Granata Ilaria, Sangiovanni Mara, Maiorano Francesco, Miele Marco, Guarracino Mario Rosario
High Performance Computing and Networking Institute, National Research Council of Italy, Via P. Castellino, 111, Napoli, 80131, Italy.
BMC Bioinformatics. 2016 Nov 8;17(Suppl 12):376. doi: 10.1186/s12859-016-1197-0.
One of the most challenging issue in the variant calling process is handling the resulting data, and filtering the genes retaining only the ones strictly related to the topic of interest. Several tools permit to gather annotations at different levels of complexity for the detected genes and to group them according to the pathways and/or processes they belong to. However, it might be a time consuming and frustrating task. This is partly due to the size of the file, that might contain many thousands of genes, and to the search of associated variants that requires a gene-by-gene investigation and annotation approach. As a consequence, the initial gene list is often reduced exploiting the knowledge of variants effect, novelty and genotype, with the potential risk of losing meaningful pieces of information.
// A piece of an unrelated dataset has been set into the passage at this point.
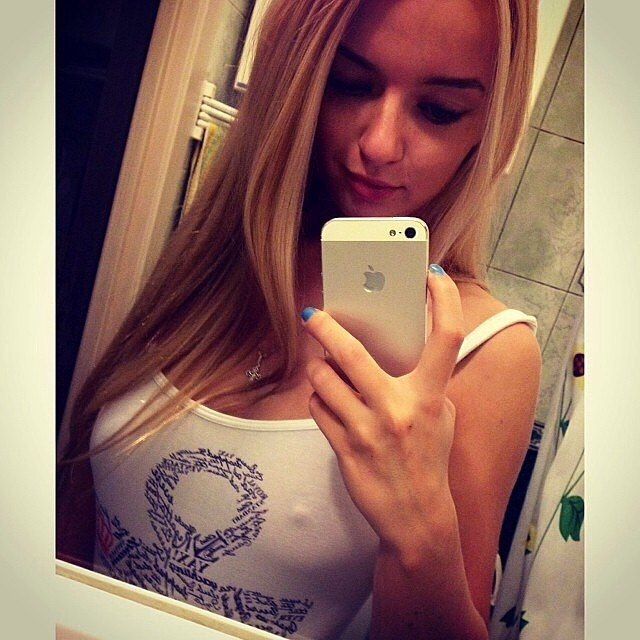 Сексуальная блондинка Кайден Кросс обнажает свои твердые сиськи и длинные соски для селфи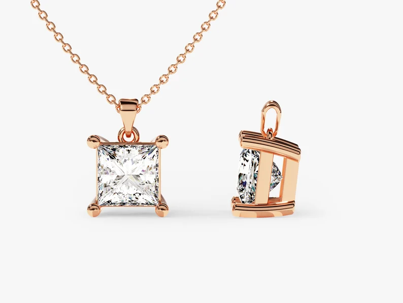- Product Name: 14K Solid Gold Moissanite Princess Diamond Pendant Princess Cut Solitaire Necklace 0.5 CT

Here we present Var2GO, a new web-based tool to support the annotation and filtering of variants and genes coming from variant calling of high-throughput sequencing data. Var2GO permits to upload either the unprocessed Variant Calling Format file or a table containing the annotated variants. The raw data undergo a preliminary step of variants annotation, using the SnpEff tool, and are converted to a table format. The table is then uploaded into an on the fly generated database. Genes associated to the variants are automatically annotated with the corresponding Gene Ontology terms covering the three GO domains. Using the web interface it is then possible to filter and extract, from the whole list, genes having annotations in the domain of interest, by simply specifying filtering parameters and one or more keywords. The relevance of this tool is demonstrated on exome sequencing data.
Var2GO is a novel tool that implements a topic-based approach, expressly designed to help biologists in narrowing the search of relevant genes coming from variant calling analysis. Its main purpose is to support non-bioinformaticians in handling and processing raw variant calling data through an intuitive web interface. Furthermore, Var2GO offers a complete pipeline that, starting from the raw VCF file, allows to annotate both variants and associated genes and supports the extraction of relevant biological knowledge.
变异检测过程中最具挑战性的问题之一是处理所得数据,并筛选基因,只保留与感兴趣主题严格相关的基因。有几种工具可以为检测到的基因收集不同复杂程度的注释,并根据它们所属的途径和/或过程对其进行分组。然而,这可能是一项耗时且令人沮丧的任务。部分原因在于文件大小,它可能包含数千个基因,还在于搜索相关变异需要逐个基因的调查和注释方法。因此,最初的基因列表常常会利用变异效应、新颖性和基因型的知识进行缩减,存在丢失有意义信息片段的潜在风险。
在此,我们展示了Var2GO,这是一种基于网络的新工具,用于支持对来自高通量测序数据变异检测的变异和基因进行注释与筛选。Var2GO允许上传未处理的变异调用格式文件或包含已注释变异的表格。原始数据使用SnpEff工具进行变异注释的初步步骤,并转换为表格格式。然后将该表格上传到动态生成的数据库中。与变异相关的基因会自动用涵盖三个基因本体论(GO)领域的相应术语进行注释。使用网络界面,只需指定筛选参数和一个或多个关键词,就可以从整个列表中筛选并提取在感兴趣领域有注释的基因。该工具在全外显子组测序数据上的相关性得到了证明。
Var2GO是一种新颖的工具,它实现了基于主题的方法,专门设计用于帮助生物学家缩小对来自变异检测分析的相关基因的搜索范围。其主要目的是通过直观的网络界面支持非生物信息学家处理和加工原始变异检测数据。此外,Var2GO提供了一个完整的流程,从原始VCF文件开始,允许对变异和相关基因进行注释,并支持提取相关的生物学知识。